- **Exercise aim**
Since pictures are not part of the copy, please output only the lines from the one with "2000-01 Senators (11)" through the end of the data below, exactly as written.

(Source data)
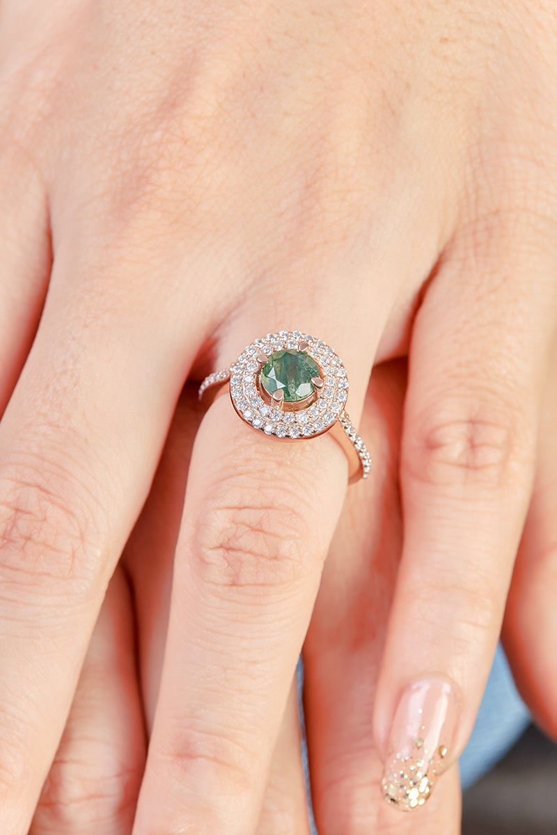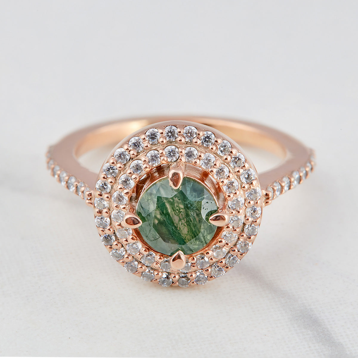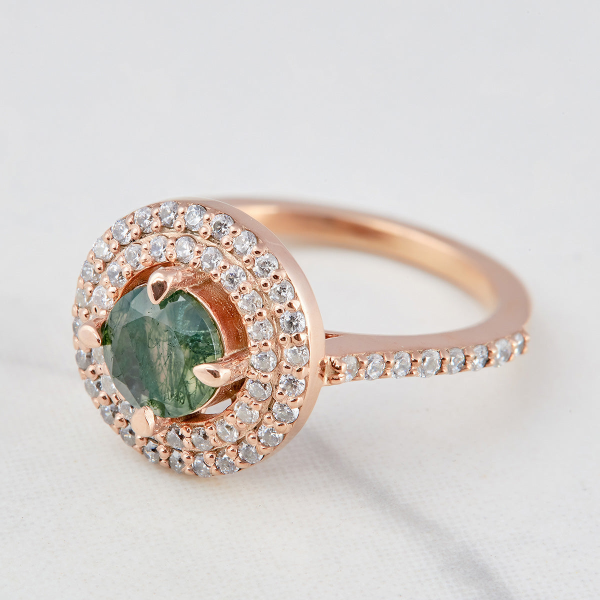 Learn more0.80CT Moss Agate Engagement Ring Set Double Halo Moissanite
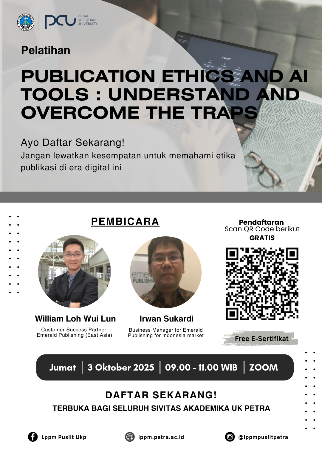 Pada Jumat, 03 Oktober 2025 jam 09.00 - 11.00 WIB Lembaga Penelitian dan Pengabdian Masyarakat UK Petra mengadakan acara Pelatihan publication ethics and AI tools: understand and overcome the trapse. Acara ini dilangsungkan secara online dengan narasumber William Loh Wui Lun serta Irwan Sukardi.
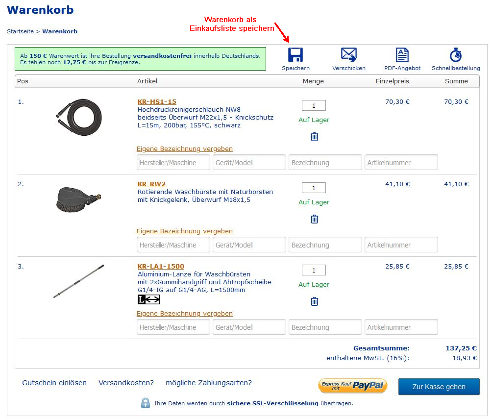 Speichern Sie Ihren Warenkorb und greifen später darauf zu. Unter dem Punkt "Einkaufslisten" werden Ihre Warenkörbe gespeichert und können hier verwaltet werden.
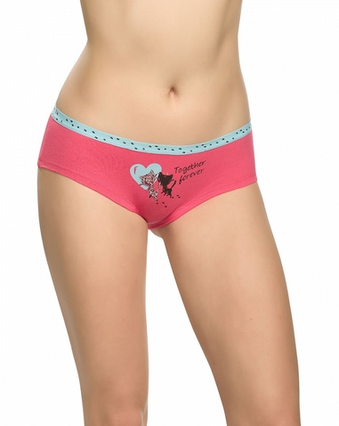 Женские трусики-шортики. Низкая посадка. Центральный принт влюблённые котики и надпись "Together forever", пер. "Вместе навсегда". По талии эластик, принтованный следами кошачьих лапок. Состав: 93%хлопок 7%эластан
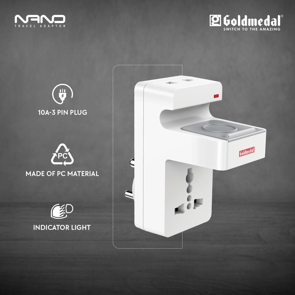 Goldmedal Nano 3 Pin Plug Travel Adaptor with Mobile Stand | LED Indicator | Multiplug for Home & Office | Supports 2-Pin & 3-Pin Plugs (Pack of 1) – White
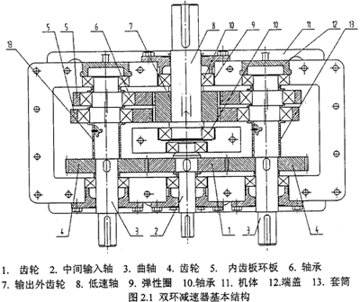 根據(jù)以上分析,本文設(shè)計了如圖2.1 所示的新型雙環(huán)減速器結(jié)構(gòu),并申請獲得了國家實(shí)用新型專利(專利號:ZL 01 2 06843.8),其特點(diǎn)如下:
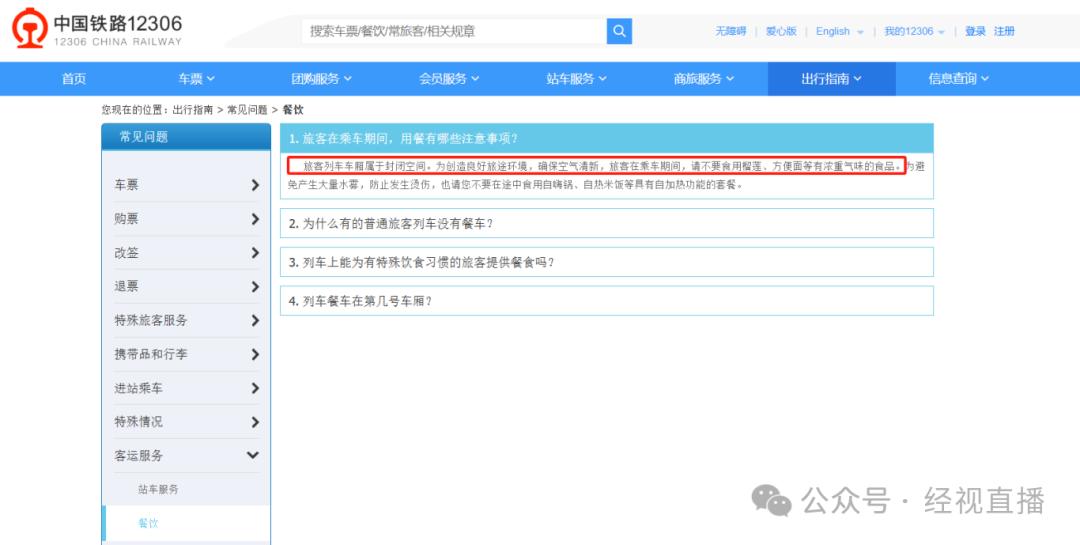 記者查詢12306官網(wǎng)發(fā)現(xiàn),旅客出行指南注意事項(xiàng)中明確指出,由于旅客列車(chē)車(chē)廂屬于封閉空間,為確保旅途環(huán)境良好和空氣清新,乘車(chē)期間請(qǐng)勿食用榴蓮、方便面等氣味濃重的食品。
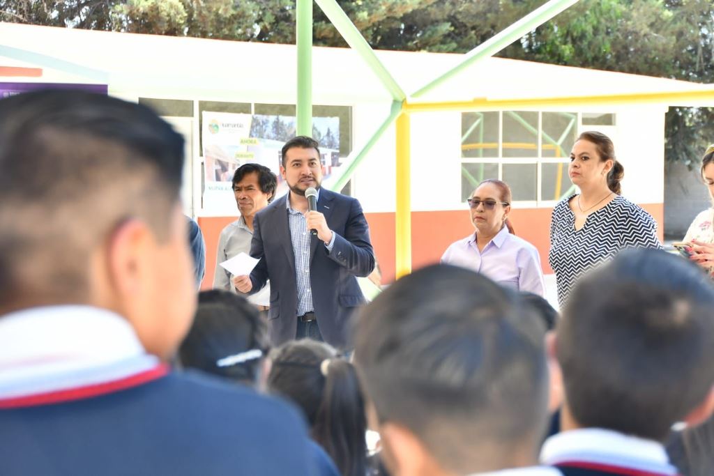 Ante padres de familia y alumnos de la institución, el Edil de Huamantla, Salvador Santos, adelantó que su gobierno busca impulsar siempre acciones que aporten al desarrollo académico de las y los niños de Huamantla.
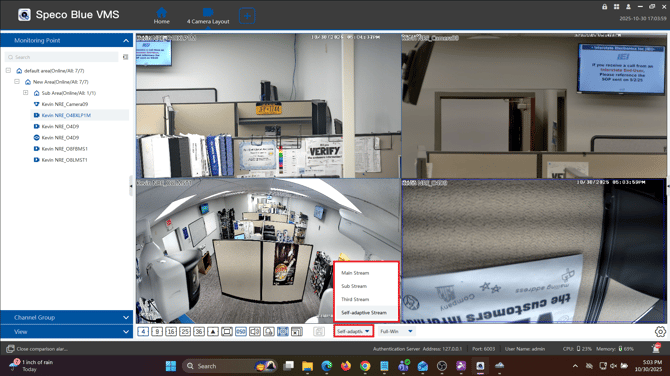 - There are multiple viewing modes to ensure a fluent stream. By default, and recommended is “Self-Adaptive View”.
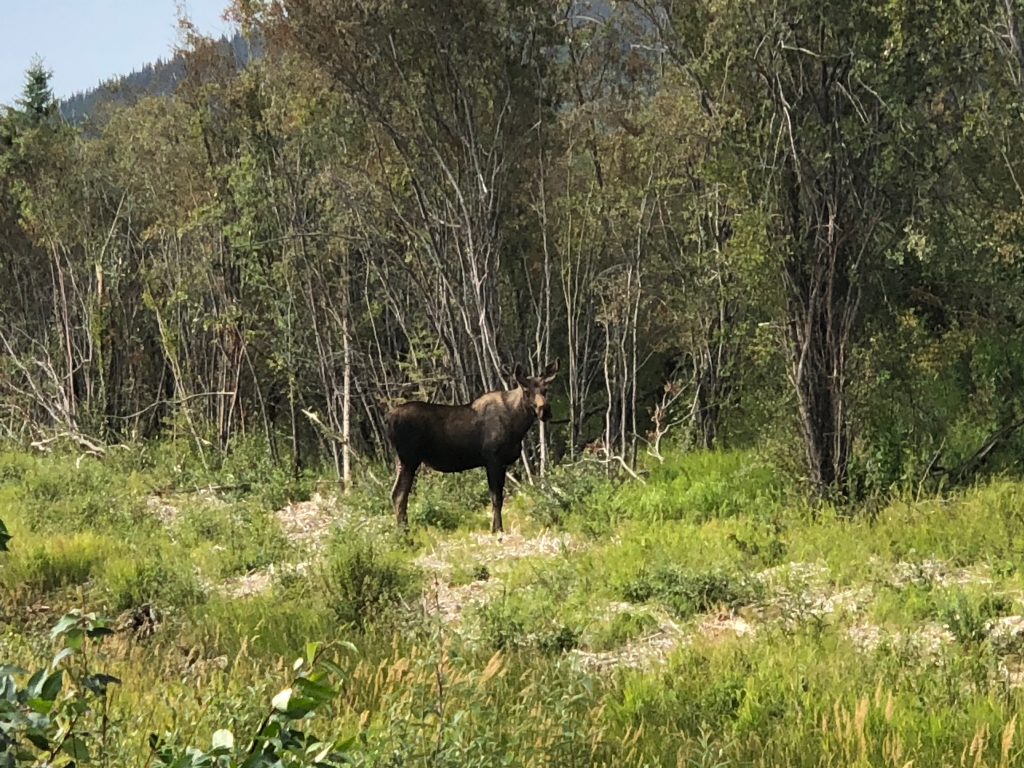 But then…Moose Attack! Well, actually it was browsing the growth at the edge of the forest on the side of the road. We stopped and took a picture, high-fiving each other for finally sneaking up on an unsuspecting moose.
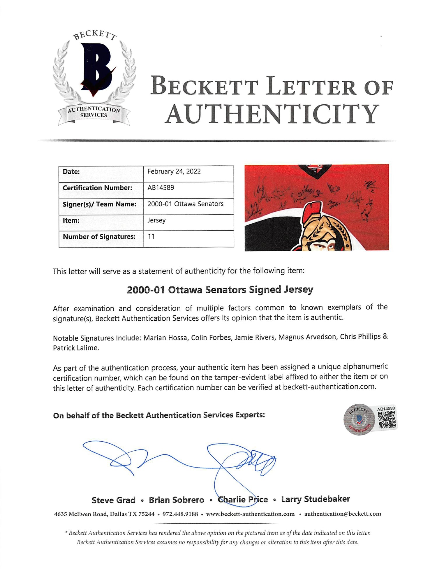 2000-01 Senators (11) Hossa, Forbes +9 Signed Red Pro Player Jersey BAS #AB14589 is backordered and will ship as soon as it is back in stock.
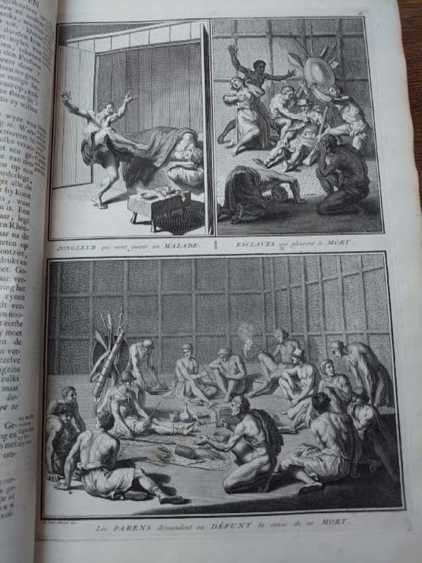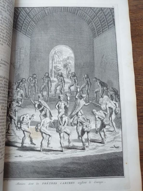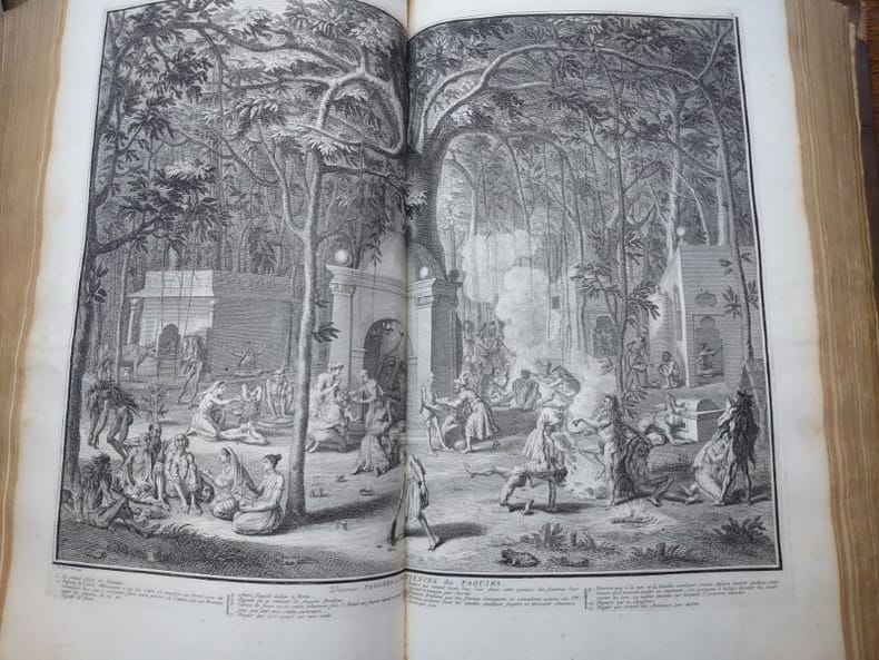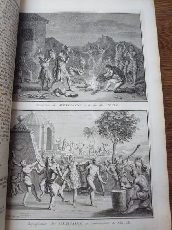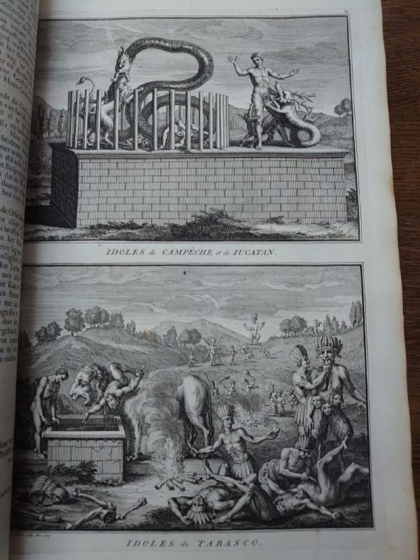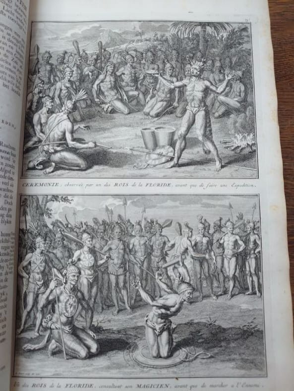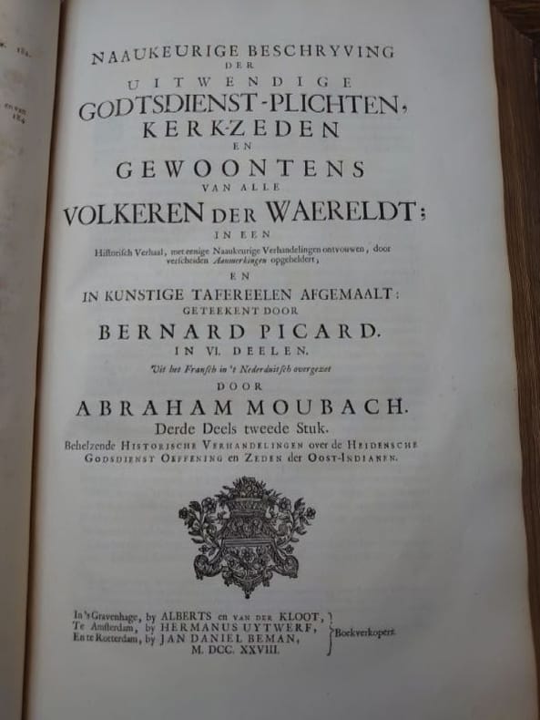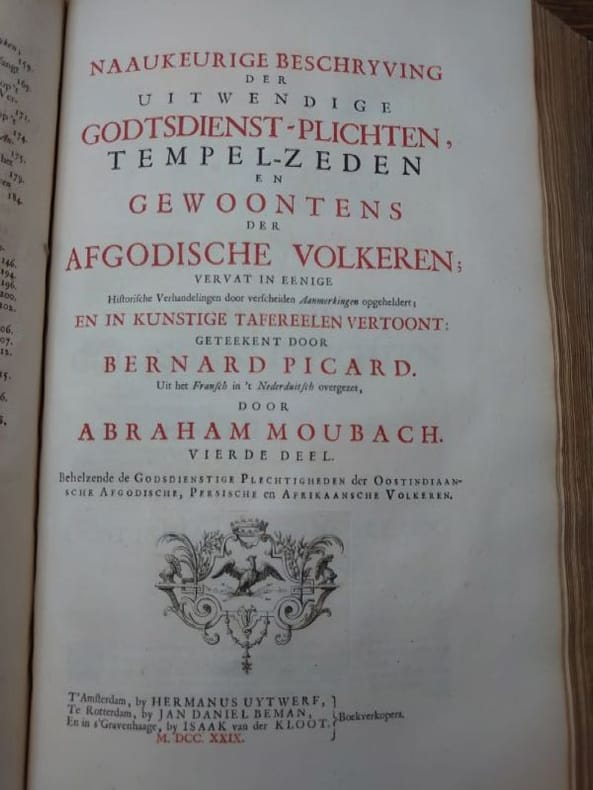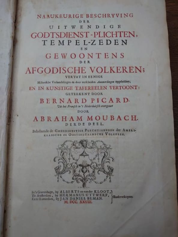 Deux tomes reliés en un volume. 41 x 27 cm, 3 ff.-187 pp.-2 ff.-229 pp.-4 ff. et 424 pp.-16 ff.45 planches gravées dans le volume 3 et 58 planches gravées dans le volume 4 (dont 6 à double page). une planche dépliante avec une légère déchirure sans manque sinon très bel état des gravures. Bien complet de toutes les planches.Relié plein veau d'époque, dos à nerfs, caissons ornés, pièce de titre, encadrement de filets et roulettes sur les plats. reliure usée mais encore très solide, mors partiellement fendue, coins très émoussés, coiffes usées. Mais intérieur dont les planches en bel état.Il s'agit de la traduction néerlandaise du livre Cérémonies et Coutumes Religieuses de tous les Peuples du Monde, représentées par des figures dessinées de la main de Bernard Picart: avec une explication historique, & quelques dissertations curieuses. Ces deux volumes traitent de l'Amérique, de la Chine, des Indes.

- **Output**
 2000-01 Senators (11) Hossa, Forbes +9 Signed Red Pro Player Jersey BAS #AB14589 is backordered and will ship as soon as it is back in stock.
 Deux tomes reliés en un volume. 41 x 27 cm, 3 ff.-187 pp.-2 ff.-229 pp.-4 ff. et 424 pp.-16 ff.45 planches gravées dans le volume 3 et 58 planches gravées dans le volume 4 (dont 6 à double page). une planche dépliante avec une légère déchirure sans manque sinon très bel état des gravures. Bien complet de toutes les planches.Relié plein veau d'époque, dos à nerfs, caissons ornés, pièce de titre, encadrement de filets et roulettes sur les plats. reliure usée mais encore très solide, mors partiellement fendue, coins très émoussés, coiffes usées. Mais intérieur dont les planches en bel état.Il s'agit de la traduction néerlandaise du livre Cérémonies et Coutumes Religieuses de tous les Peuples du Monde, représentées par des figures dessinées de la main de Bernard Picart: avec une explication historique, & quelques dissertations curieuses. Ces deux volumes traitent de l'Amérique, de la Chine, des Indes.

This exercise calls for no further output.